THE TASK
Find the line holding "Mocassino penny in" in the entries below. Give it again exactly, along with every line after it up to and including the line holding "2時間目は1年生を対象に「歯".

STUDY MATERIAL
☆ ☆ ☆

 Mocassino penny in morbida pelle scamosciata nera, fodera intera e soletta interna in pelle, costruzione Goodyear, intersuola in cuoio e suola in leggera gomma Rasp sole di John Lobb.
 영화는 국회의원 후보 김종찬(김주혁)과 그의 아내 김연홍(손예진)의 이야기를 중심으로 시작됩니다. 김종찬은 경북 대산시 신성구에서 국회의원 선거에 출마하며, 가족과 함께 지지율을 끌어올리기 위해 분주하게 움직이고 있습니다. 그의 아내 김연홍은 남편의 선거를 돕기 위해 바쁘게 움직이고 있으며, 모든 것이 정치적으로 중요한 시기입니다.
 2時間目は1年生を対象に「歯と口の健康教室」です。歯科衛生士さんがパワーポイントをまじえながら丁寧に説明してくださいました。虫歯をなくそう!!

☆ ☆ ☆

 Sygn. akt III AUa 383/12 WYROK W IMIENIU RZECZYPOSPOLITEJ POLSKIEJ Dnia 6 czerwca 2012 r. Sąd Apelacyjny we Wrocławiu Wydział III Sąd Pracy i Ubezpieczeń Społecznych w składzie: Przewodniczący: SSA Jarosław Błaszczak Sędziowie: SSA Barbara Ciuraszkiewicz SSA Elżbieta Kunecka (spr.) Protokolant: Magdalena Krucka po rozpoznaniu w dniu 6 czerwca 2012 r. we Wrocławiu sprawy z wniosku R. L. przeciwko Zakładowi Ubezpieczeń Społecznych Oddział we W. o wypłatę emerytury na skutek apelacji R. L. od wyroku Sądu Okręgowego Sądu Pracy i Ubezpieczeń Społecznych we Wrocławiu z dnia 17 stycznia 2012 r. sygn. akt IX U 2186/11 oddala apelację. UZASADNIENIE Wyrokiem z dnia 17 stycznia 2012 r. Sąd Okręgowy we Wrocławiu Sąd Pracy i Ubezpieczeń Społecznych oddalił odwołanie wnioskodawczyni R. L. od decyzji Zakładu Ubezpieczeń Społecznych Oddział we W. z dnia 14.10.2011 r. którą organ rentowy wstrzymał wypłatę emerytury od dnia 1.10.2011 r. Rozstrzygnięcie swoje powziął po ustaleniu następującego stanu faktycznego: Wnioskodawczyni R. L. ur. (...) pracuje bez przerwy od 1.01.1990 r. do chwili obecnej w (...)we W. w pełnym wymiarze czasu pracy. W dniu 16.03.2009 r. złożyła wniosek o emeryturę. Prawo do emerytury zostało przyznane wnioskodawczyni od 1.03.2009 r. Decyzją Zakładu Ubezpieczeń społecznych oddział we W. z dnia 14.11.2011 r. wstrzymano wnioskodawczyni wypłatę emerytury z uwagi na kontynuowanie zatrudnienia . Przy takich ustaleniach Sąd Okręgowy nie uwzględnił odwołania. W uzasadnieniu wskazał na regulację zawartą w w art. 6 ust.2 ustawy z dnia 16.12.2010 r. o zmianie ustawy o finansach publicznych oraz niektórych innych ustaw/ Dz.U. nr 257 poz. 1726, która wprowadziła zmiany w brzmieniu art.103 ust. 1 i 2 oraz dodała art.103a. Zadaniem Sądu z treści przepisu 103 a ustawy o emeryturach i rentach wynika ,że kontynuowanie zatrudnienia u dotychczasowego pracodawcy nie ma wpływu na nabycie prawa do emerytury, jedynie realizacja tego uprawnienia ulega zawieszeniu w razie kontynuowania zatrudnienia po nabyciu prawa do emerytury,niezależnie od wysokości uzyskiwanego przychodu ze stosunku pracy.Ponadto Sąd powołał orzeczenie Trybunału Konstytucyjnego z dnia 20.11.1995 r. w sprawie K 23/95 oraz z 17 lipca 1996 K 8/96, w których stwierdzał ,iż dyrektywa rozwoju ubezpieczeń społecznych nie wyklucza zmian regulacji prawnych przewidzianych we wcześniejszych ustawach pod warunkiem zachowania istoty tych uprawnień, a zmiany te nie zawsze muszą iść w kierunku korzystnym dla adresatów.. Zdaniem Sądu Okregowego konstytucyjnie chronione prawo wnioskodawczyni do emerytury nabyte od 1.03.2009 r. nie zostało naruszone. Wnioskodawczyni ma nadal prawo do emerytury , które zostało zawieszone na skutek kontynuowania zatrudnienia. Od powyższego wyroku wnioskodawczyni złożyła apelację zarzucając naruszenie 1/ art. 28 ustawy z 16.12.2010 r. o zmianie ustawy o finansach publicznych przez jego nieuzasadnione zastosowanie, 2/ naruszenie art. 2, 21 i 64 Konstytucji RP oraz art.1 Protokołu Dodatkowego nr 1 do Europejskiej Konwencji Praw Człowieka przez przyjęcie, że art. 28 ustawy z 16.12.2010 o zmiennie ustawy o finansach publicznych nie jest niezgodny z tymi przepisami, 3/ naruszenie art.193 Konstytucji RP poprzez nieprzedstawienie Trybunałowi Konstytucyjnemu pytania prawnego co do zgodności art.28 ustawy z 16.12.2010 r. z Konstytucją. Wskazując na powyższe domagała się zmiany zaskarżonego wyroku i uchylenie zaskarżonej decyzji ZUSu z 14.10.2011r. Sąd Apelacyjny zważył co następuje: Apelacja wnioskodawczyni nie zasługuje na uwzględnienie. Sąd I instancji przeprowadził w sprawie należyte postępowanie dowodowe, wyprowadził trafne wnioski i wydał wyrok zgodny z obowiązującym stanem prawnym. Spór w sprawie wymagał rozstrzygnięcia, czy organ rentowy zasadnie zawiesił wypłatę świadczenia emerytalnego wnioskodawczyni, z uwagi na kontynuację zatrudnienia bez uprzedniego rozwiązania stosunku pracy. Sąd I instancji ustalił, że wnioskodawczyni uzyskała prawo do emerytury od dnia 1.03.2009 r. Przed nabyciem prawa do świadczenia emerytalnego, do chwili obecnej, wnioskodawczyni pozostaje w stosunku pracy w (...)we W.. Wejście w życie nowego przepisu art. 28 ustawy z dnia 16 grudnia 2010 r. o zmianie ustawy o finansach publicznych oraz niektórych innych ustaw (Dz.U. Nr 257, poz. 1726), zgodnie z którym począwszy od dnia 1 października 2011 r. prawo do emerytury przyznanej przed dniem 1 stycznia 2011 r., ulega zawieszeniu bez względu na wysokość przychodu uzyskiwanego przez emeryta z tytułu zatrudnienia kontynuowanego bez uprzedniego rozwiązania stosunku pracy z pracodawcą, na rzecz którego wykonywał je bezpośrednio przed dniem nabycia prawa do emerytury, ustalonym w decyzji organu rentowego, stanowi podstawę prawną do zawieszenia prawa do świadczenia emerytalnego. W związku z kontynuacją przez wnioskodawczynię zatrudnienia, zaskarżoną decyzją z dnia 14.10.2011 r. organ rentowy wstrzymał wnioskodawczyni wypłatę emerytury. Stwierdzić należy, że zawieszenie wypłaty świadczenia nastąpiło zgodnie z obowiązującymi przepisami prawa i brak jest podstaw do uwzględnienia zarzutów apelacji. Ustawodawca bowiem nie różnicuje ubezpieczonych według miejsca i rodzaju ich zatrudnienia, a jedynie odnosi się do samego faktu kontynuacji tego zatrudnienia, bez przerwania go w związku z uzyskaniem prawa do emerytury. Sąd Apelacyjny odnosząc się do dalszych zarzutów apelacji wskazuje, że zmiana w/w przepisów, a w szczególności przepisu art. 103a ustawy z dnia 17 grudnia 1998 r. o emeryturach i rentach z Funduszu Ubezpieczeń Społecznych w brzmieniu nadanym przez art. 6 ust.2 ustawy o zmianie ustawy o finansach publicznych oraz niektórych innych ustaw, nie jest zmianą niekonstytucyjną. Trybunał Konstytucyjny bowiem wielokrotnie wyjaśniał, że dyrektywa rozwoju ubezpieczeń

☆ ☆ ☆

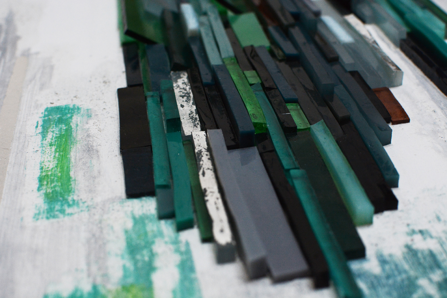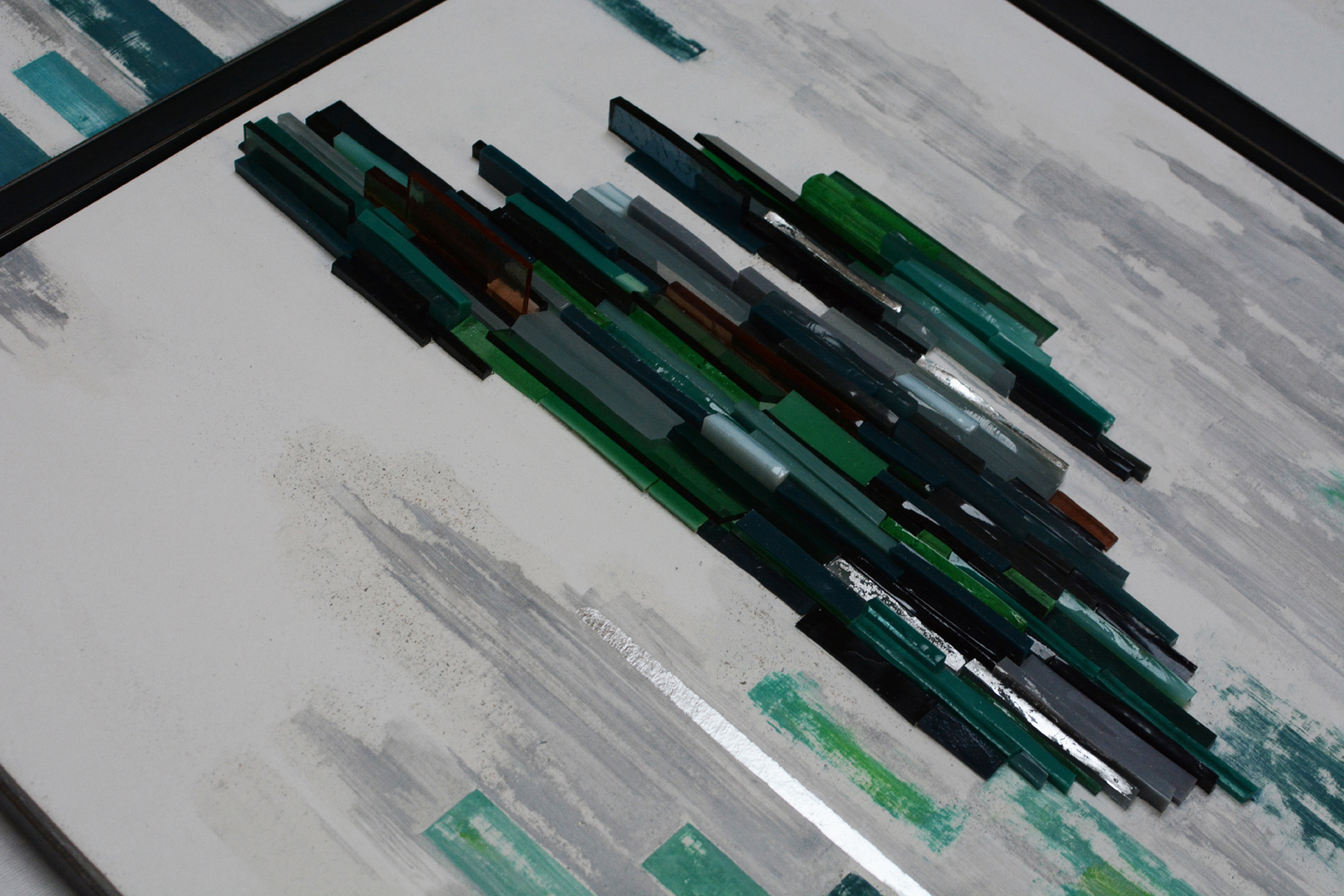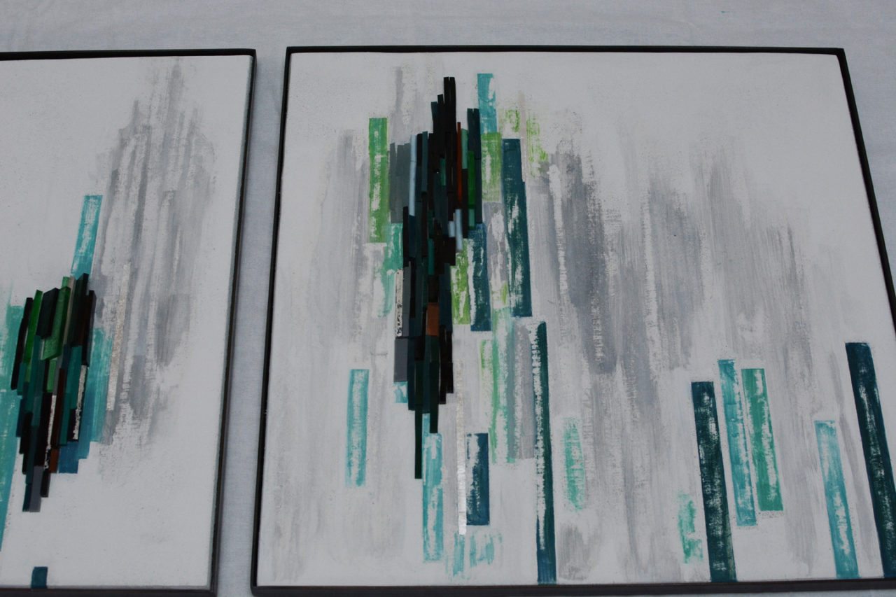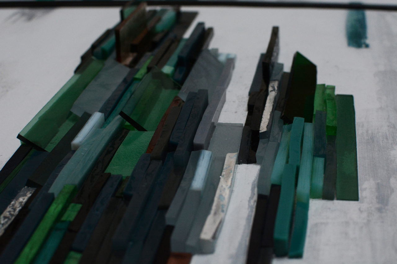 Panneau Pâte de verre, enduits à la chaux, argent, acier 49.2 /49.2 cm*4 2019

☆ ☆ ☆

RESULT OF THIS EXERCISE
 Mocassino penny in morbida pelle scamosciata nera, fodera intera e soletta interna in pelle, costruzione Goodyear, intersuola in cuoio e suola in leggera gomma Rasp sole di John Lobb.
 영화는 국회의원 후보 김종찬(김주혁)과 그의 아내 김연홍(손예진)의 이야기를 중심으로 시작됩니다. 김종찬은 경북 대산시 신성구에서 국회의원 선거에 출마하며, 가족과 함께 지지율을 끌어올리기 위해 분주하게 움직이고 있습니다. 그의 아내 김연홍은 남편의 선거를 돕기 위해 바쁘게 움직이고 있으며, 모든 것이 정치적으로 중요한 시기입니다.
 2時間目は1年生を対象に「歯と口の健康教室」です。歯科衛生士さんがパワーポイントをまじえながら丁寧に説明してくださいました。虫歯をなくそう!!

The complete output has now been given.